### Assignment
Return every entry exactly, except for any pictures.

### Study material

==============================

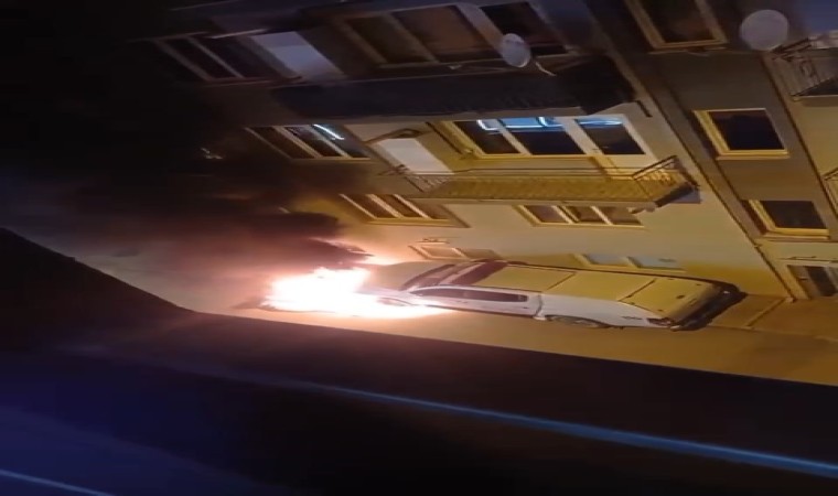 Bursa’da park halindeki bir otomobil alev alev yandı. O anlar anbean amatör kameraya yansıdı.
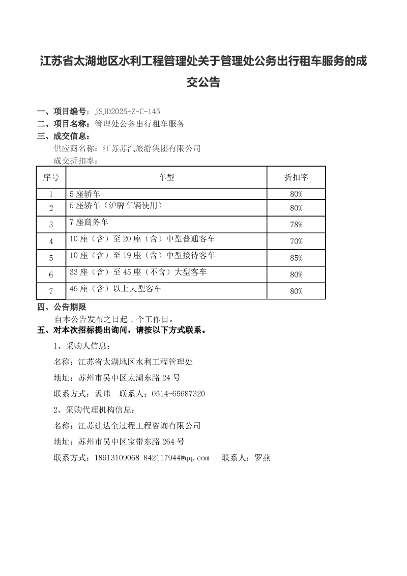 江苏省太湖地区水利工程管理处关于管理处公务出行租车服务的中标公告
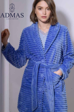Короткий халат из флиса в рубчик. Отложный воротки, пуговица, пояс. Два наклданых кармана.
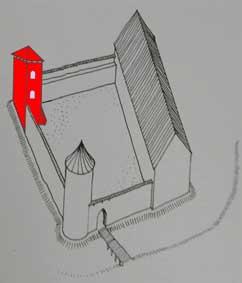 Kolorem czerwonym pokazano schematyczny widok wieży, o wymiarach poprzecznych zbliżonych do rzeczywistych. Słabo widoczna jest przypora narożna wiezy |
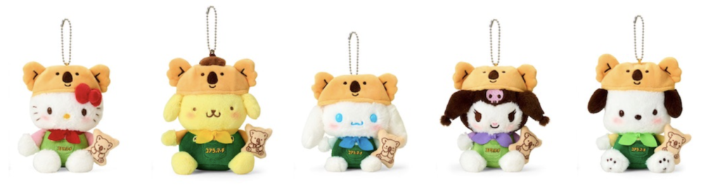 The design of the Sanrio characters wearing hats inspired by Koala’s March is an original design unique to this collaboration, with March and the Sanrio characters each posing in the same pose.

==============================

### Output for this task
 Bursa’da park halindeki bir otomobil alev alev yandı. O anlar anbean amatör kameraya yansıdı.
 江苏省太湖地区水利工程管理处关于管理处公务出行租车服务的中标公告
Короткий халат из флиса в рубчик. Отложный воротки, пуговица, пояс. Два наклданых кармана.
 Kolorem czerwonym pokazano schematyczny widok wieży, o wymiarach poprzecznych zbliżonych do rzeczywistych. Słabo widoczna jest przypora narożna wiezy |
 The design of the Sanrio characters wearing hats inspired by Koala’s March is an original design unique to this collaboration, with March and the Sanrio characters each posing in the same pose.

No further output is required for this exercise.